━━━━━ DATA SHOWN

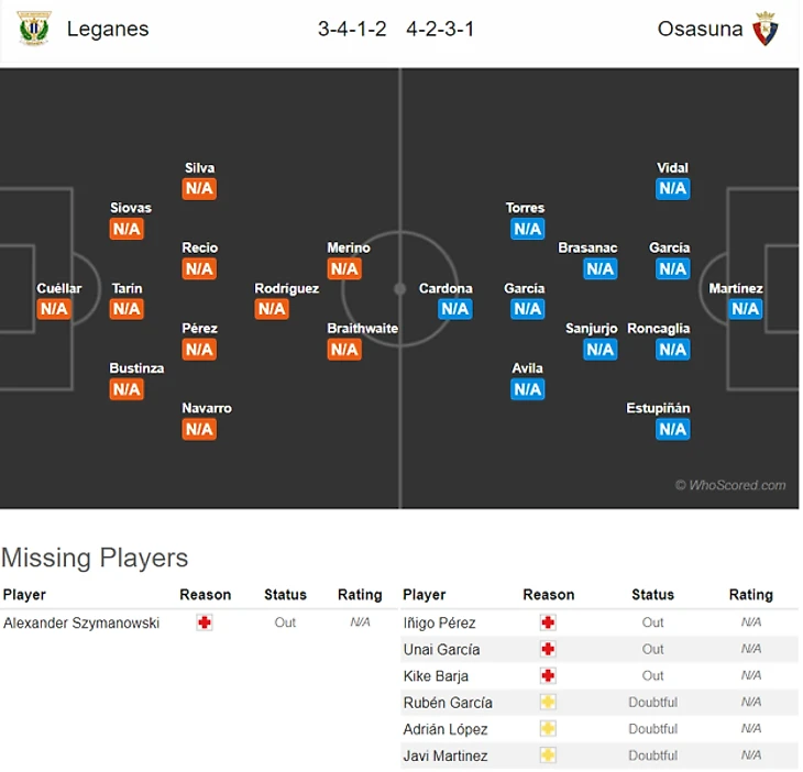 Осасуна сама только-только вернулась в Примеру и тоже ещё не завершила свое комплектование. Буквально вчера памплонцы усилили свою защитную линию опытным сосьедадцем Раулем Навасом(5,5), который однако не вошел в итоговую заявку команды вместе с Ронкальей(5,5) и Рубеном Гарсией(6,5).
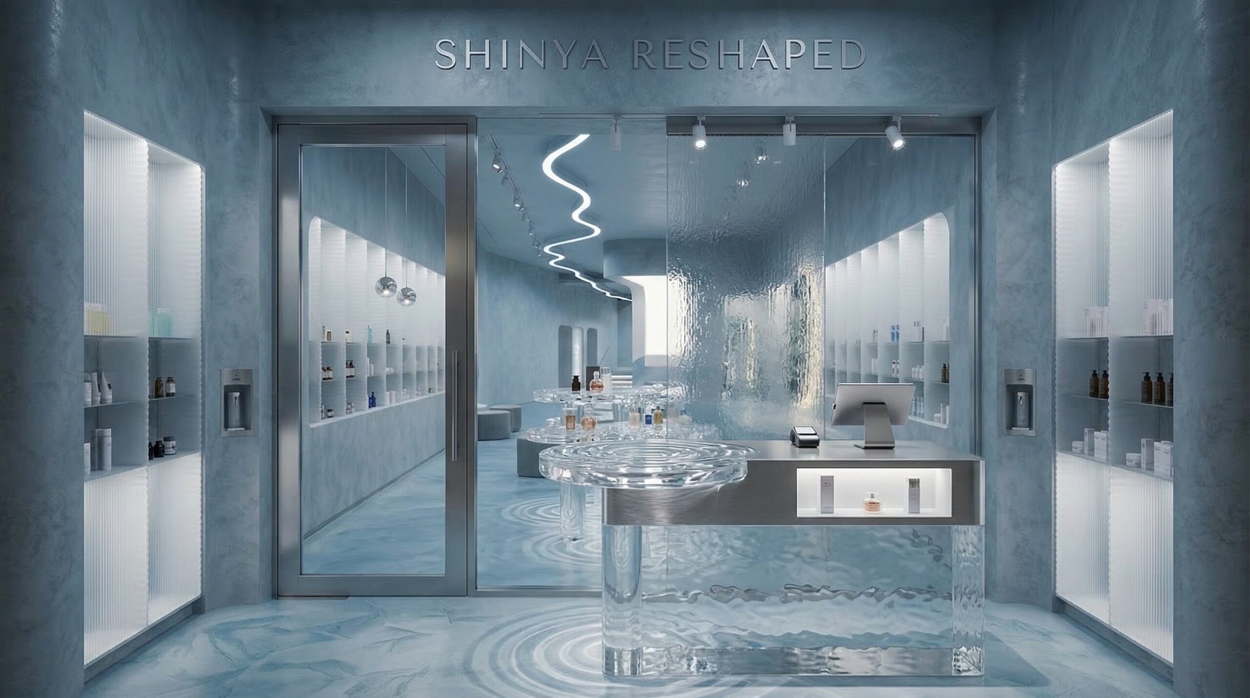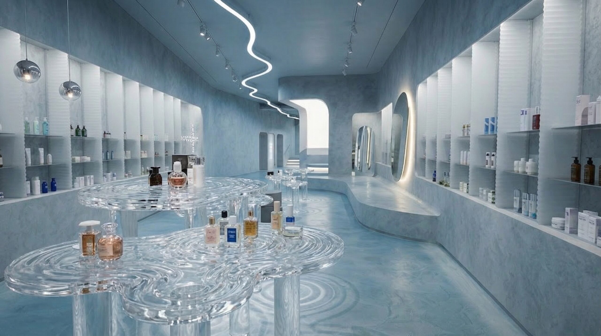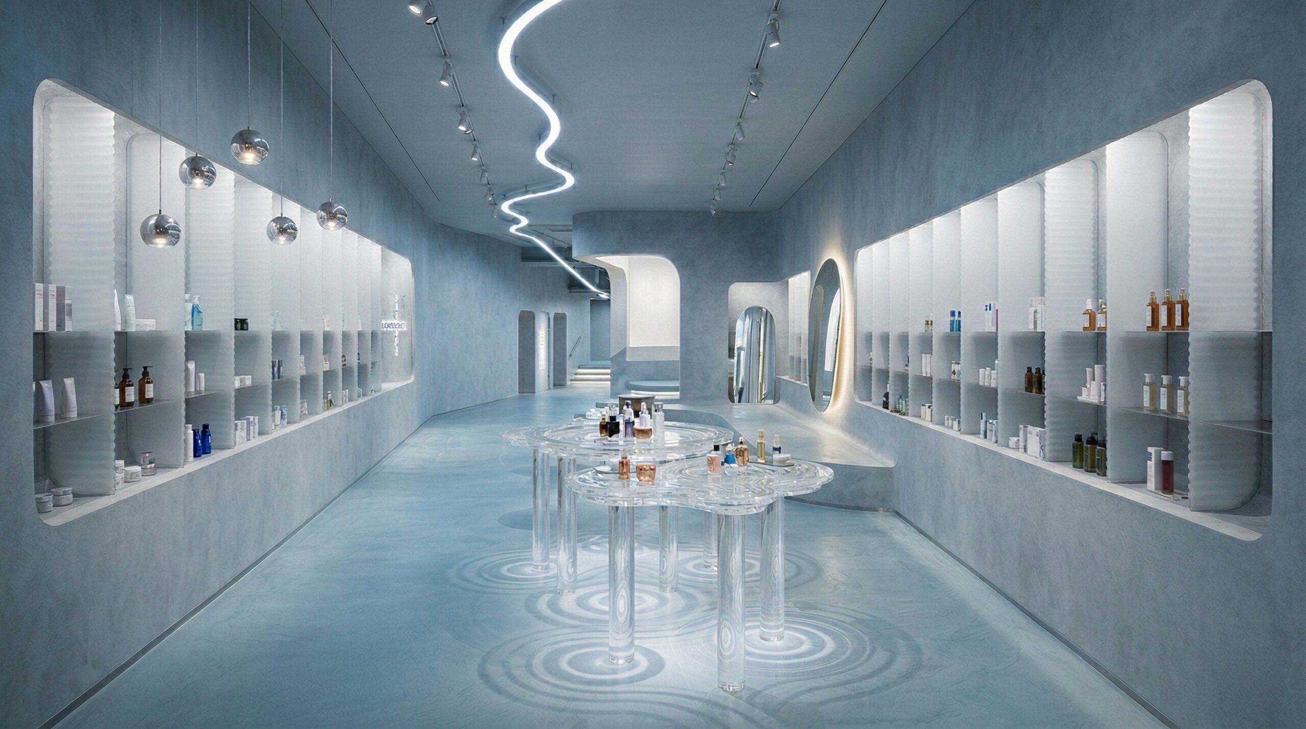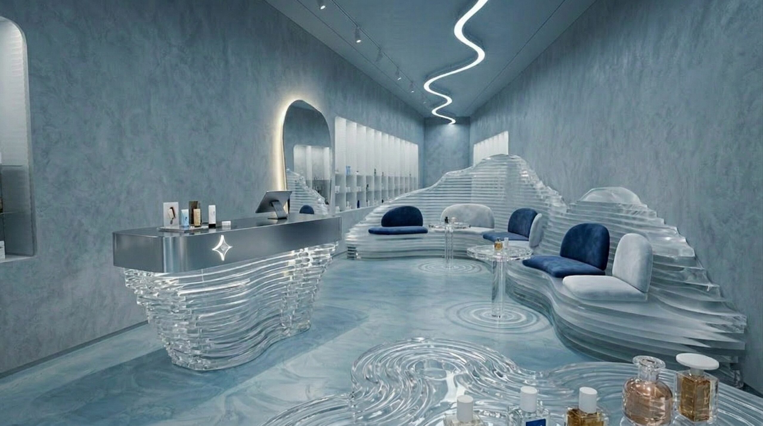 Akışkan yüzeyler ve monokrom mavi tonların hâkim olduğu bu mağaza tasarımı, kullanıcıyı suyun hareketinden ilham alan duyusal bir atmosfere davet eder. Duvar, zemin ve tavan boyunca süreklilik gösteren yumuşak geçişli formlar, mekânda kesintisiz bir akış hissi yaratır.
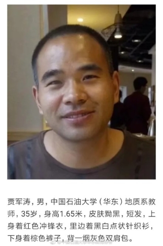 中國石油大學(xué)(華東)官網(wǎng)顯示,賈軍濤今年35歲,2010年進入高校工作,為地球與科學(xué)技術(shù)學(xué)院地質(zhì)系講師。賈軍濤家人曾在微信公眾號上發(fā)布“尋人啟事”,稱賈軍濤10月17日到云南省玉龍雪山附近進行野外勘探,于當天下午6點左右在麗江玉龍雪山珍珠湖一帶失聯(lián)。
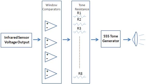First, the IR proximity sensor outputs a voltage, then the window comparators will compare that voltage to their constant upper and lower limit voltages (set using voltage dividers with 2 resistors). If the voltage output (by the IR proximity sensor) is inside of the two voltages or 'window', that comparator will output to a certain resistor which sets a specific tone for the 555 tone generator to output to the speaker. A little more than a mouthful, but I'll explain in more detail.
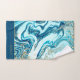 Modern Turquoise Teal Ocean Blue Gold Marble Monogram Name Bath Towel Set
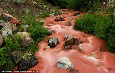 Một dòng nước đỏ như nước sốt cà chua tràn qua các lớp đá.

━━━━━━━━━━

▶ [TASK DETAILS]
Your answer must be the records above, word for word, with no pictures.

▶ [RESULT BELOW]
 Осасуна сама только-только вернулась в Примеру и тоже ещё не завершила свое комплектование. Буквально вчера памплонцы усилили свою защитную линию опытным сосьедадцем Раулем Навасом(5,5), который однако не вошел в итоговую заявку команды вместе с Ронкальей(5,5) и Рубеном Гарсией(6,5).
 Akışkan yüzeyler ve monokrom mavi tonların hâkim olduğu bu mağaza tasarımı, kullanıcıyı suyun hareketinden ilham alan duyusal bir atmosfere davet eder. Duvar, zemin ve tavan boyunca süreklilik gösteren yumuşak geçişli formlar, mekânda kesintisiz bir akış hissi yaratır.
 中國石油大學(xué)(華東)官網(wǎng)顯示,賈軍濤今年35歲,2010年進入高校工作,為地球與科學(xué)技術(shù)學(xué)院地質(zhì)系講師。賈軍濤家人曾在微信公眾號上發(fā)布“尋人啟事”,稱賈軍濤10月17日到云南省玉龍雪山附近進行野外勘探,于當天下午6點左右在麗江玉龍雪山珍珠湖一帶失聯(lián)。
First, the IR proximity sensor outputs a voltage, then the window comparators will compare that voltage to their constant upper and lower limit voltages (set using voltage dividers with 2 resistors). If the voltage output (by the IR proximity sensor) is inside of the two voltages or 'window', that comparator will output to a certain resistor which sets a specific tone for the 555 tone generator to output to the speaker. A little more than a mouthful, but I'll explain in more detail.
 Modern Turquoise Teal Ocean Blue Gold Marble Monogram Name Bath Towel Set
 Một dòng nước đỏ như nước sốt cà chua tràn qua các lớp đá.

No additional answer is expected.